AA Applied Algorithms

0/1 Knapsack Problem

Fill a knapsack of fixed capacity with items of given weight and value — maximize total value.

Intuition

The big idea

You're shopping with a fixed budget (knapsack capacity = budget; weight = price). Every item has a price tag and a "worth" to you. You can either buy it or not — no halves. Goal: maximize total worth without going over budget.

The "0/1" means each item is fully in or fully out. (If you could split items, a simple greedy by value-per-weight would optimally solve it — but you can't.)

Concrete example (from your notes)

Knapsack capacity K = 13 kg. 13 items:

ItemWeightValueValue/Weight
O1, O26 kg480 $80
O3–O72 kg158 $79
O8–O103 kg233 $77.7
O11–O131 kg2 $2

Naive: take O1 + O2 = 12 kg (960 $), then fit one O11 (1 kg, 2 $) → total 962 $.

Better: take O1 (6) + O3 (2) + O4 (2) + O8 (3) = 13 kg → 480+158+158+233 = 1029 $. 🏆

This shows why simple greedy isn't enough — you need to consider combinations.

4 construction methods

All four follow the same skeleton:

Sort items by some criterion.
weight = 0; value = 0
for each item i (in sorted order):
    if weight + w[i] <= K:
        put i in the bag
        value += v[i]; weight += w[i]
MethodSort byWhy try this?
M1weight ↑ (lightest first)Fit as many small things as possible
M2weight ↓ (heaviest first)Use capacity quickly — fewer items to consider
M3value ↑ (cheapest first)(generally bad; included for comparison)
M4value ↓ (most valuable first)Naively grab high value

None of these is guaranteed optimal. Sorting by value/weight ratio is usually best (this is what M4-ratio does in your local search version 5).
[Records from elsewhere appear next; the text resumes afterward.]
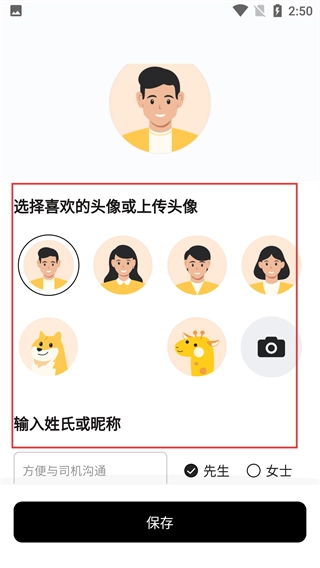 登录后进入个人信息完善页面,可选择系统提供的头像或上传自定义头像,填写姓氏/昵称并选择性别,点击“保存”按钮即可完成信息配置。
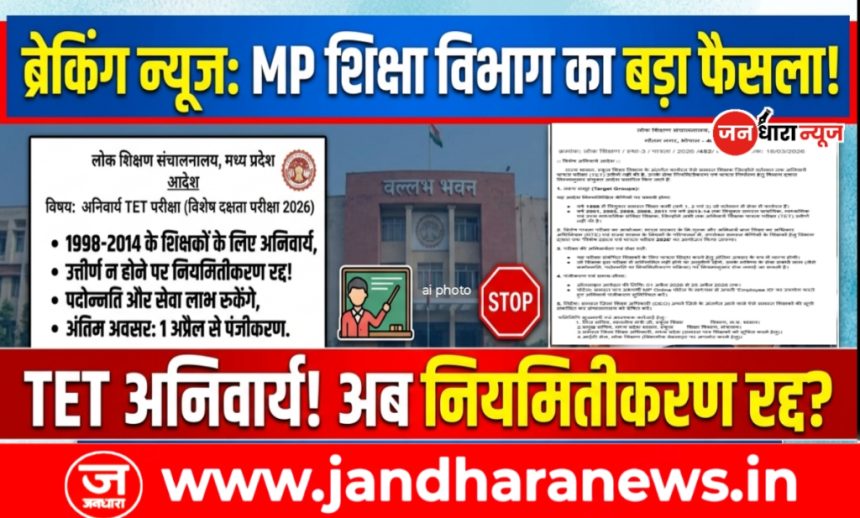 भोपाल: लोक शिक्षण संचालनालय, मध्य प्रदेश ने 18 मार्च 2026 को विशेष आदेश जारी किया है, जिसमें राज्य के उन सभी शिक्षकों को चेतावनी दी गई है जिन्होंने अब तक अनिवार्य शिक्षक पात्रता परीक्षा (TET) उत्तीर्ण नहीं की है।
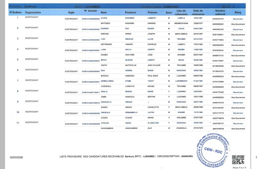 La CENI (Commission électorale nationale indépendante) a rendu publique, ce mercredi 4 mars 2026, la liste provisoire des candidats à l’élection du gouverneur et du vice-gouverneur de la province du Sankuru.
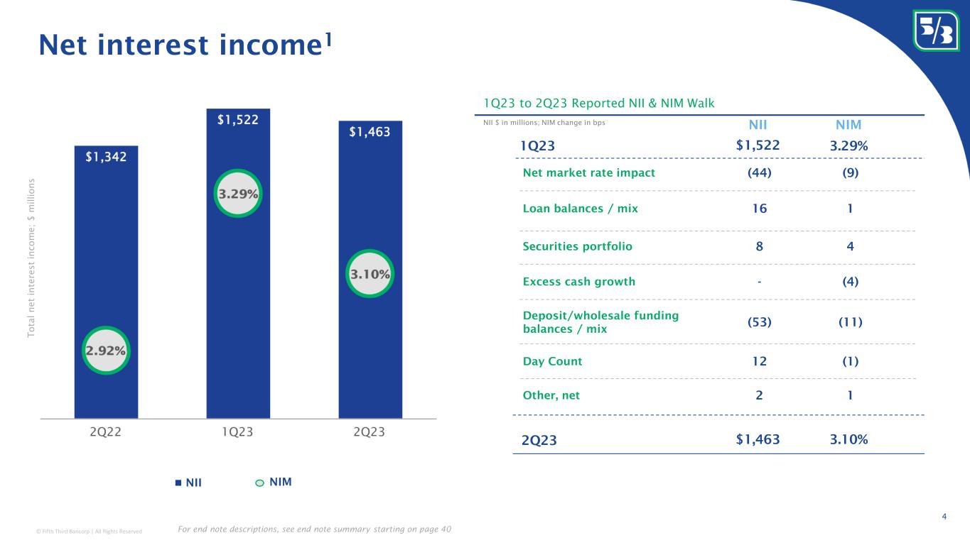© Fifth Third Bancorp | All Rights Reserved Excess cash growth NII $ in millions; NIM change in bps 1Q23 to 2Q23 Reported NII & NIM Walk T o t a l n e t in t e r e s t i n c o m e ; $ m il li o n s NII NIM For end note descriptions, see end note summary starting on page 40 NII $1,5221Q23 3.29% NIM $1,463 3.10%2Q23 Securities portfolio Loan balances / mix 8 4 16 1 (44) (9)Net market rate impact Deposit/wholesale funding balances / mix (53) (11) Net interest income 1 Day Count 12 4 Other, net (1)12 - (4)
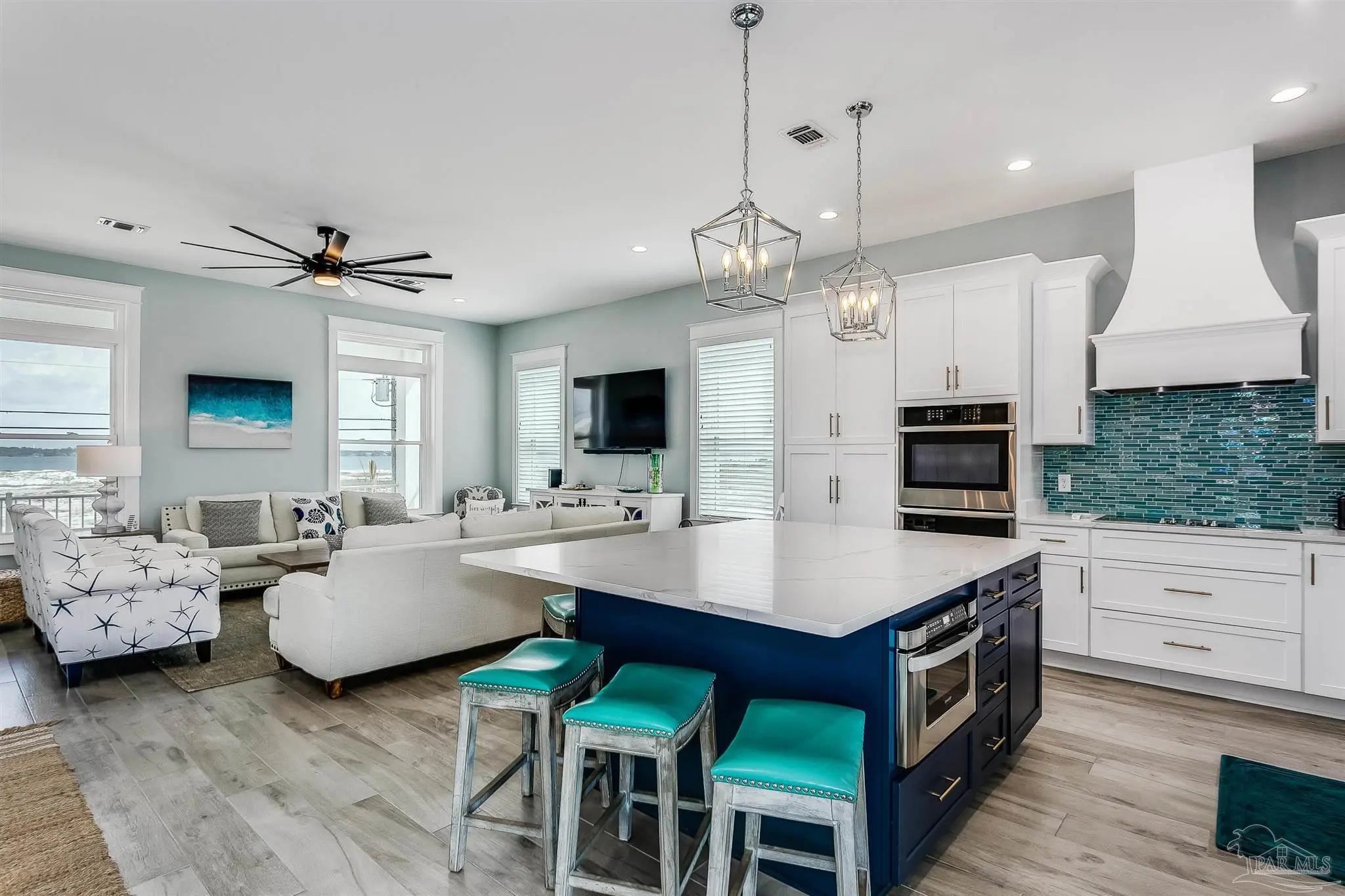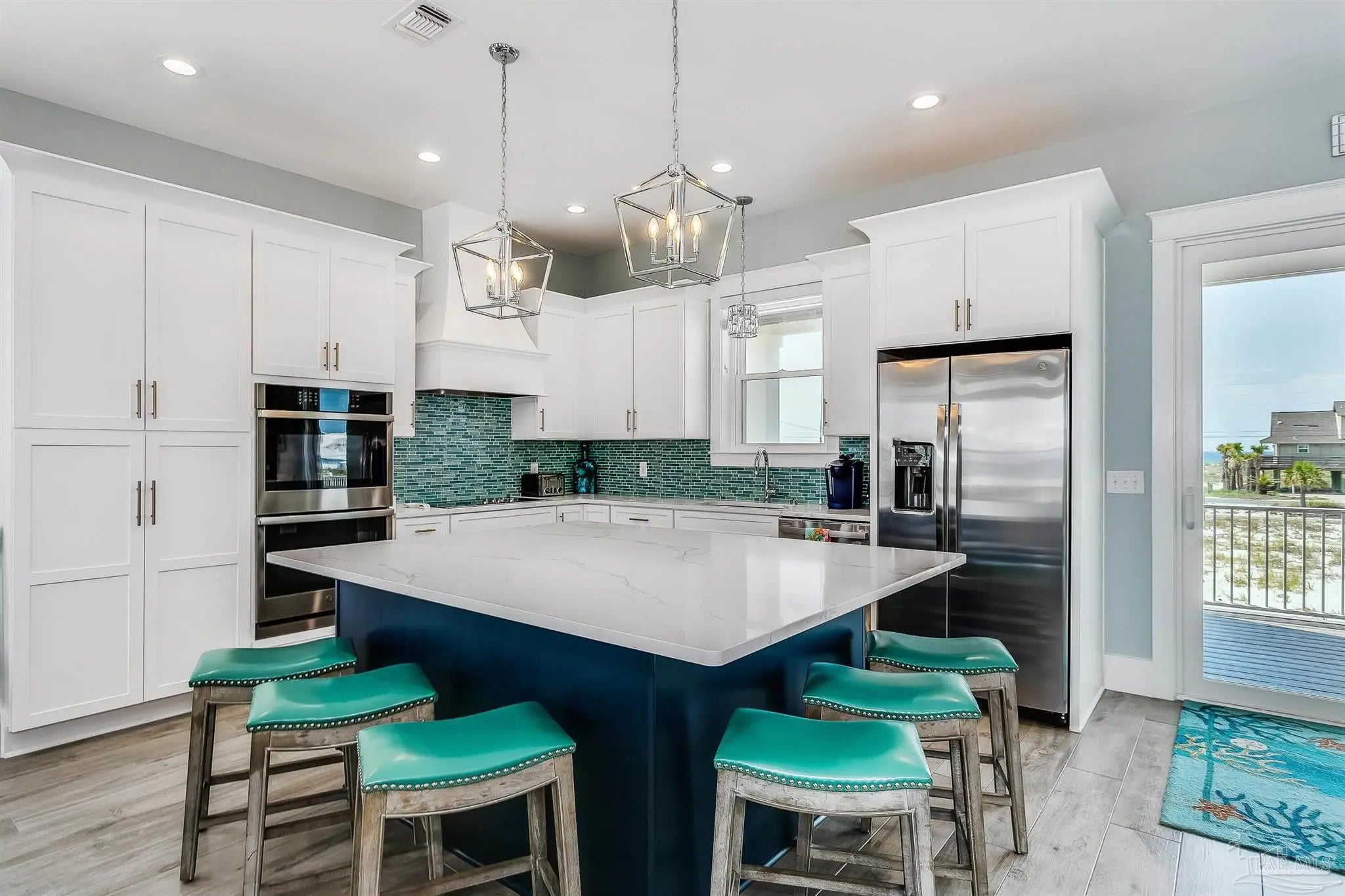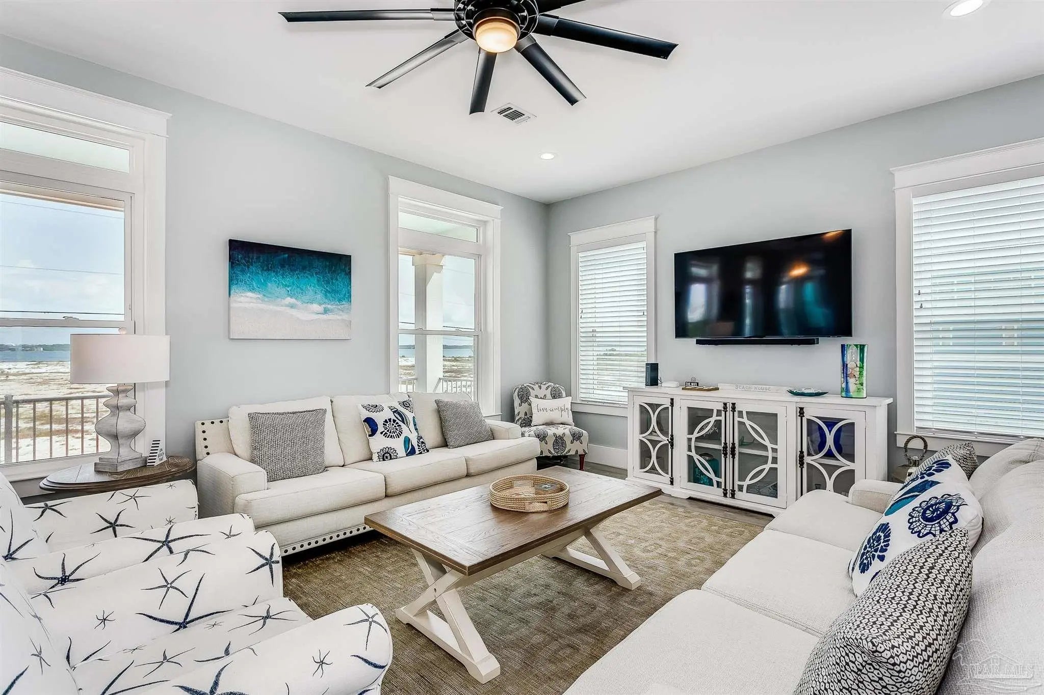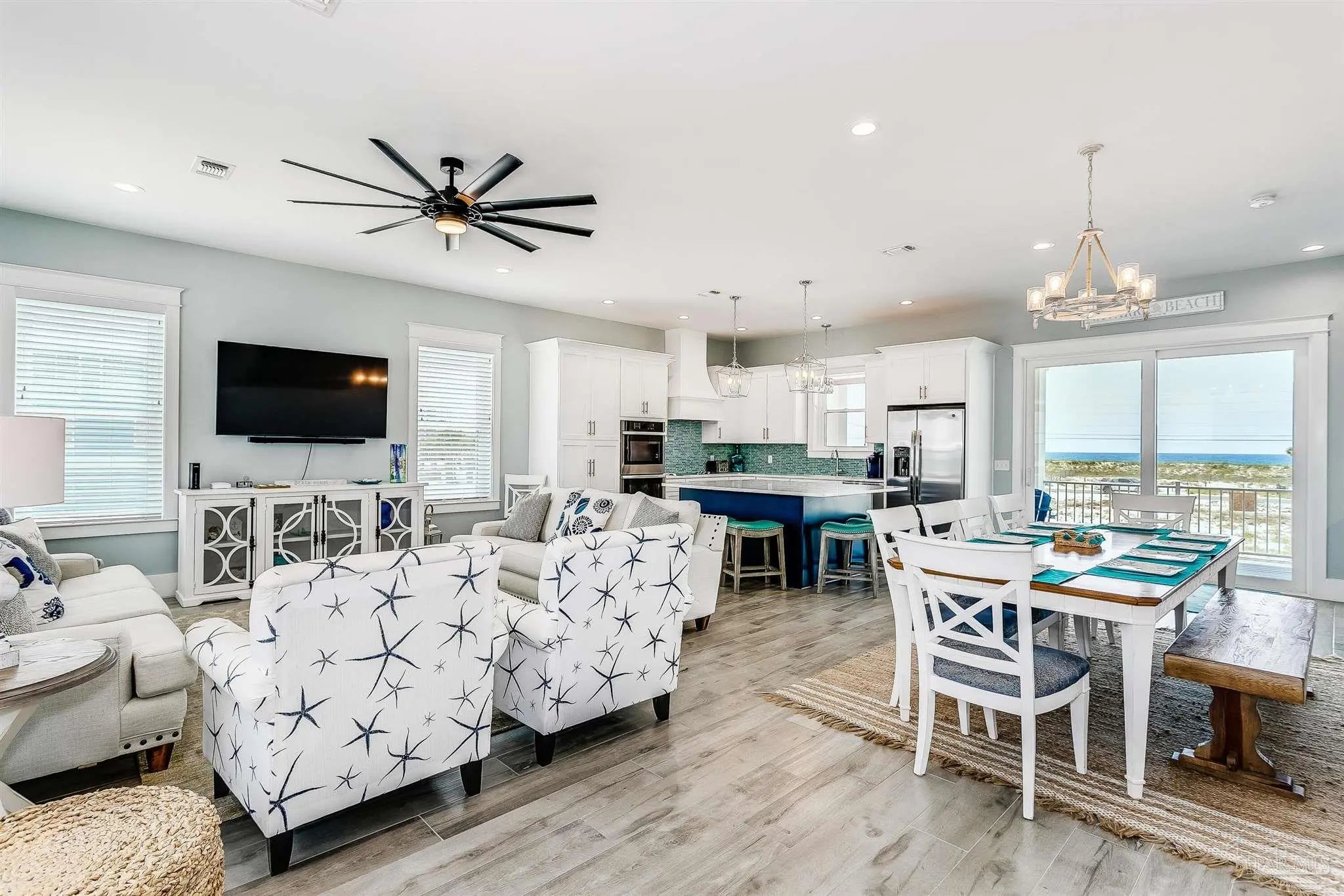 Enjoy unobstructed views of the Sound and Gulf from the oversized balconies. 5 bedrooms plus bunk bedroom, 5.5 baths. fully furnished home with Elevator, private Pool, and a 6-seater golf cart. The beach is a short walk or golf cart ride away. Upgraded Open Floor Plan with many upgraded custom designer finishes that include square edge custom cottage trim, high ceilings, tall 8-ft doors, and porcelain plank tile throughout. The Chef’s kitchen has water views in every direction, high end appliances, expansive breakfast bar, quartz counter tops, double ovens, under counter microwave and wine cooler. Two guest bedrooms on the first living level each with their own bath. Two other guest bedrooms each with their own bath, bunk room and Master suite are on the second living level. Half bath is next to the bunk room and a laundry room. The Master suite overlooks the Gulf of Mexico, has king bed, twin pull out sofa, master bath with large walk-in shower, soaking tub, double vanity with Quartz countertop, and motorized privacy roller shade. The garage adjoins the pool deck and has storage areas for swim and beach toys, 10 bikes and second refrigerator for easy access to drinks and cool treats. Large garage area has plenty of space for vehicles and golf cart. Located a short distance from the National Seashore and walk-over to the Gulf and minutes away from local attractions, shopping and restaurants. Opportunity for Vacation Home or Vacation Rental Investment “Peachy Queen” has dual Masters and sleeps up to 20 people. Begin to experience Coastal Beach Life!

Local search — Greedy improvement

Once you have any feasible solution, you can try to improve it by swapping items in and out.

Version 1 — Random swap, accept if gain > 0

while (not stop):
    pick random item X in the bag
    pick random item Y not in the bag
    if (swap X↔Y is feasible) and (new value > old value):
        accept the swap

Version 2 — Swap OR migrate

while (not stop):
    choice = random 0 or 1
    if choice == 0:    # swap
        same as Version 1
    else:              # migrate (add an item if there's room)
        pick random X not in bag
        if (weight + w[X] <= K):
            add X to the bag

Version 3 — Swap and repair

while (not stop):
    swap (X in, Y out)  // ignore feasibility for now
    if new value > old value:
        accept the swap

# Repair phase
while (weight > K):
    remove the lowest-value item from the bag

Version 4 — Best swap / best migration (not random)

Like Version 2 but instead of random X and Y, pick the best X and Y that maximize the gain.

Version 5 — Ratio-based

while (not stop):
    X ← item OUTSIDE bag with the highest value/weight ratio
    Y ← item INSIDE  bag with the lowest value/weight ratio
    if (swap X↔Y is feasible) and (new value > old value):
        accept it.

Interactive demo

Tweak items and capacity, then try the methods.

Capacity (K):

Exam tips

Ask-likely

  • "Apply M1/M2/M3/M4 to this list" — sort, then greedily insert until full.
  • "Why isn't the greedy optimal?" — the 0/1 constraint can leave wasted capacity that a better combination would fill.
  • "Show one iteration of local search Version N" — pick X, pick Y, check feasibility, check improvement.
  • "Why is value/weight ratio a good criterion?" — it measures how much value each kg of capacity buys you.